A gateway for converting and transmitting a request received from the second building device into a backnet protocol;

A router that receives a request converted from the gateway to the backnet protocol, identifies a destination of the received request, and routes it to a controller in charge of the confirmed destination; And

And a second controller for receiving the request from the router, interpreting the request, and transmitting the request.

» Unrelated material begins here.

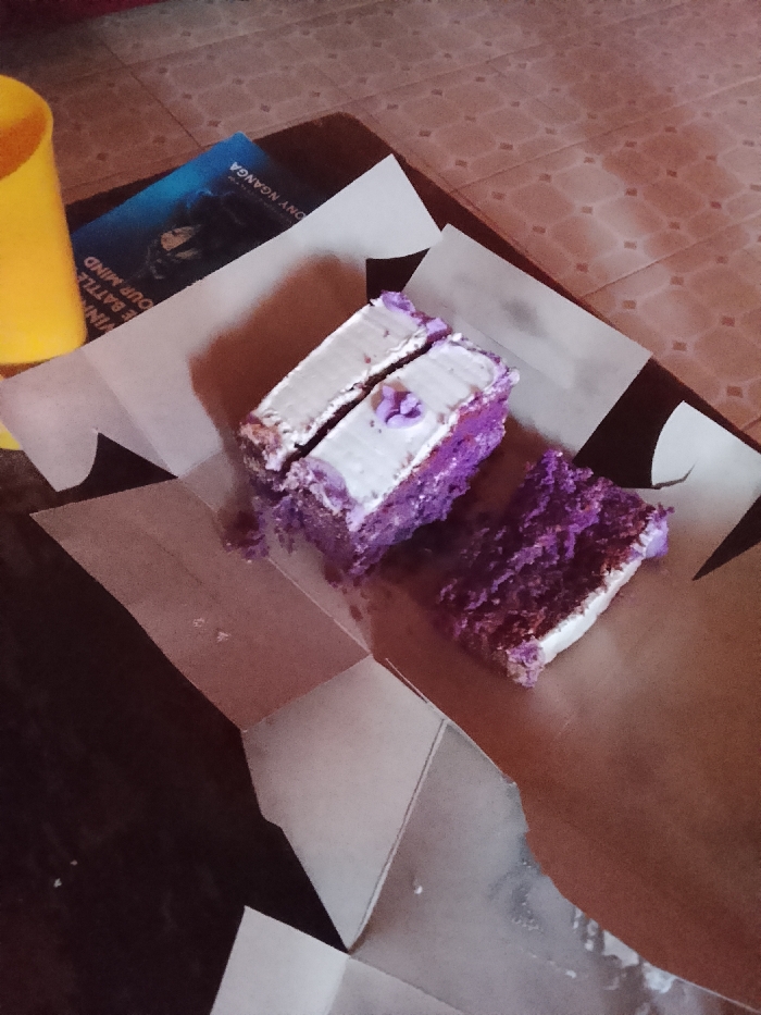Three slices of Ube cake sit in a cardboard box on a table. The cake is layered, with a white frosting and a small purple flower decoration on one slice. A yellow cup and a blue book, whose title has words "WIN BATTLE" and "OUR MIND," are visible near the box. The table's surface appears to be tiled.

And the gateway converts a request received from the second controller into a second non-bannet protocol and sends the converted request to a third building device.
The method of claim 12, wherein the gateway receives the processed response from the third building device, converts the response to the backnet protocol, and sends the converted response to the second controller,

The second controller requests routing for the response to the router;

The router routes the response to the first controller,

The first controller transmits the received response to the gateway,

The gateway converts the response into the first non-backnet protocol and transmits the response to the second building device.
Receiving a request from a first building device in communication using a BACnet protocol;

Confirming the destination of the request to perform routing;

Sending the request to a gateway to process the request; And

And converting the request into a non-backnet protocol and sending it to a second building device that communicates using the non-baeknet protocol.
The method of claim 14,

Receiving a processed response from the second building device;

Converting the received response to the backnet protocol; And

And sending the response converted to the backnet protocol to the first building device.
Receiving a request from a first building device in communication using a first BACnet protocol;

Converting the first non-backnet protocol to a backnet protocol;

Confirming the destination of the request converted to the backnet protocol and performing routing;

Sending the request to a gateway to process the request;

Converting the request to a second non-bagnet protocol and sending it to a second building device in communication using the second non-bagnet protocol.
The method of claim 16,

Receiving a processed response from the second building device;

Converting the received response to the backnet protocol;

Confirming the destination of the response converted to the backnet protocol and performing routing;

Sending the response to the gateway to process the response; And

And converting the response into the first non-backnet protocol and transmitting the response to the first building device.